Комментарии и критика тоже всегда приветствуются.

Стоимость пересадки легкого

1
С медицинской страховкой: доплаты + 10% -50% Совместное страхование Без медицинской страховки: 500 000–800 000 долларов США

Трансплантация легкого [1] – это тип операции, при которой одно или оба пораженных или поврежденных легких заменяются здоровыми легкими.Ряд различных заболеваний может повредить легкие, включая хроническую обструктивную болезнь легких, кистозный фиброз и легочную гипертензию, но трансплантат обычно рекомендуется после того, как лекарства или другие медицинские вмешательства не дали результатов.
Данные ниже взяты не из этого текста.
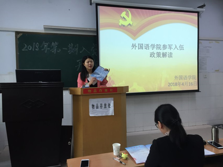 首先,刘老师就所有人最为关心的征兵的就学、就业、经济补助等方面政策进行了详细的解释说明,随后又向学生们介绍了2018征兵工作的预征对象、各项条件等内容。接着,陈书记为大家讲解有关学费减免、复学助学等相关政策。陈书记强调,当兵就是深造,入伍就是成才。参军入伍是大学生对自我的一种锻炼,在军队里面锻炼自己,成长自我。国家现在对大学生参军入伍有好的政策支持,同学们要积极了解参军入伍的政策,进行兵役登记,这是无上光荣的事情。

По данным Национального института здоровья [2] , хотя трансплантация легких от живого донора возможна, большинство органов пожертвовано кем-то в возрасте до 65 лет, мозг которого мертв, но все еще находится на аппарате жизнеобеспечения. Типичные затраты:
  • Для пациентов, охваченных медицинским страхованием, личные расходы на трансплантацию легких обычно состоят из посещения врача, доплаты за лабораторные и рецептурные препараты, а также совместного страхования в размере 10-50% на операции и другие процедуры, которые могут легко достичь годового максимума наличных средств.Трансплантация легкого обычно покрывается медицинским страхованием, хотя страховщики могут потребовать, чтобы пациент сделал пересадку в определенном центре.
  • Согласно данным United Network for Organ Sharing [3] , некоммерческой организации, которая поддерживает национальную сеть закупок и трансплантации органов [4] , стоимость трансплантации включает предварительное тестирование, саму операцию и послеоперационные затраты на восстановление и могут варьироваться в зависимости от региона и больницы.
  • Типичная стоимость трансплантации составляет 500 000–800 000 долларов США, в зависимости от того, затрагивает ли процедура одно или оба легких.Отчет актуарной и консалтинговой фирмы Milliman [5] о стоимости трансплантации органов и тканей в США за 2011 год показал, что общая стоимость одной трансплантации легкого составила 561 200 долларов, , включая 10 300 долларов за месяц. стоит заботы, предшествующей трансплантации; 73 100 долл. США на приобретение органа; 302 900 долл. США на госпитализацию трансплантата; 33 500 $ для хирурга; и 23 700 долл. США на иммунодепрессанты и другие рецептурные препараты.В отчете оценивается общая стоимость двойной трансплантации в $ 797 300 .
Статьи по теме: Исследование функции легких, Анализы крови, Анестезия, Рентген, Медицинское страхование
Что должно быть включено:
  • Согласно данным Mayo Clinic [6] , могут пройти месяцы или годы, прежде чем подходящий донор станет доступным через систему сопоставления донор-реципиент, управляемую UNOS. Соответствие основывается на конкретных критериях, включая группу крови, географическое расстояние между донорским органом и реципиентом трансплантата и тяжесть заболевания легких реципиента.
  • Операция по трансплантации [7] обычно занимает 4–8 часов для одной трансплантации легкого и 6–12 часов для двойной трансплантации. Это делается с использованием аппарата искусственного кровообращения, который обеспечивает циркуляцию крови при остановке сердца пациента. Перед операцией пациенты проходят общую анестезию.
  • После операции [8] пациент с трансплантацией легких проведет несколько дней в отделении интенсивной терапии, подключенном к аппарату искусственной вентиляции легких для поддержки дыхания и трубкам, по которым отводятся жидкости из легких и сердца.Восстановление часто включает пребывание в больнице от одной до трех недель с частым наблюдением за осложнениями еще в течение трех месяцев. Осложнения [9] , связанные с трансплантацией легкого, иногда могут быть фатальными. Отторжение и заражение – два основных риска.
Дополнительные расходы:
  • По данным Фонда Бумер Эсиасон [10] , некоторые личные расходы, связанные с трансплантацией легких, такие как расходы на питание и проживание, понесенные, когда пациент и его семья переезжают, чтобы быть ближе к трансплантату центр, не покрываются страховкой.